How to Stream AI API Responses in Python and Node.js (2026 Guide)
Nobody wants to stare at a blank screen for 8 seconds waiting for Claude Opus to finish thinking. Streaming fixes that. Instead of waiting for the entire response to generate, you get tokens as they're produced — word by word, in real time.
This isn't just a UX nicety. Streaming changes how you build AI-powered apps. You can cancel bad responses early (saving tokens and money), show progress indicators, and build chat interfaces that feel responsive even when the model is generating a 2,000-word answer.
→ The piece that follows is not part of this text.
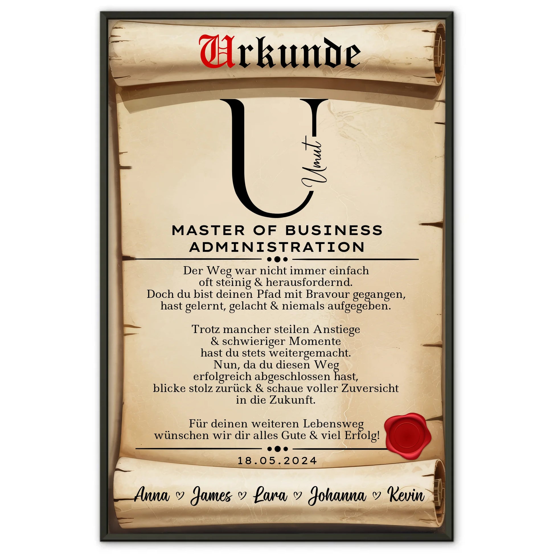 Unser Poster Urkunde Geschenk Masterabschluss Master Of Business Administration ist nicht nur ein tolles Geschenk zum Master, sondern auch ein hochwertiges Erinnerungsstück, das in jedem Zuhause oder Büro einen Ehrenplatz verdient hat. Überrasche deinen Freund, deine Freundin oder Kollegen mit diesem individuellen Meisterwerk und mache den Moment des Erfolgs unvergesslich!

This guide covers everything: the protocol under the hood, production-ready code for Python and Node.js, error handling patterns, and how to pipe streams to a frontend. All examples use the OpenAI-compatible API format, so they work with GPT-5, Claude, DeepSeek, Qwen — any model behind an OpenAI-compatible endpoint.
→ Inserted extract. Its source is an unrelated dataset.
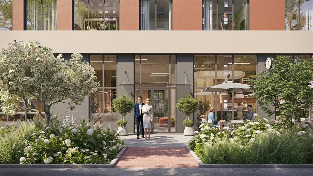 Двор с ландшафтным озеленением разделен на три зоны. Для детей – игровые площадки с меловыми досками и уличными шахматами, для взрослых – лаунж-зона с креслами и столиками для отдыха, для спортсменов – воркаут-площадка. На первом этаже – лобби-клуб с игровыми комнатами, залом для йоги, коворкингом и мини-кинотеатром, колясочные и велосипедные помещения.

How Streaming Actually Works
When you set stream: true in your API request, the server switches from a normal HTTP response to Server-Sent Events (SSE). Instead of one big JSON blob at the end, you get a series of small chunks, each containing one or a few tokens.
Each chunk looks like this:
data: {"id":"chatcmpl-abc123","object":"chat.completion.chunk","choices":[{"index":0,"delta":{"content":"Hello"},"finish_reason":null}]}
data: {"id":"chatcmpl-abc123","object":"chat.completion.chunk","choices":[{"index":0,"delta":{"content":" world"},"finish_reason":null}]}
data: {"id":"chatcmpl-abc123","object":"chat.completion.chunk","choices":[{"index":0,"delta":{},"finish_reason":"stop"}]}
data: [DONE]
Three things to notice. First, each chunk has a delta instead of a message — it's the incremental piece, not the full text. Second, finish_reason stays null until the model is done. Third, the stream ends with data: [DONE].
The first token usually arrives in 200-500ms (depending on the model and provider), compared to 3-15 seconds for a non-streamed response. That's the difference between "fast" and "is this thing broken?"
Python: Streaming with the OpenAI SDK
The OpenAI Python SDK handles SSE parsing for you. Here's the minimal version:
from openai import OpenAI
client = OpenAI(
api_key="your-api-key",
base_url="https://api.kissapi.ai/v1" # works with any OpenAI-compatible endpoint
)
stream = client.chat.completions.create(
model="claude-sonnet-4-6",
messages=[{"role": "user", "content": "Write a Python function to merge two sorted lists"}],
stream=True
)
for chunk in stream:
content = chunk.choices[0].delta.content
if content:
print(content, end="", flush=True)
print() # newline at the end
That flush=True matters. Without it, Python buffers the output and you lose the real-time effect in the terminal.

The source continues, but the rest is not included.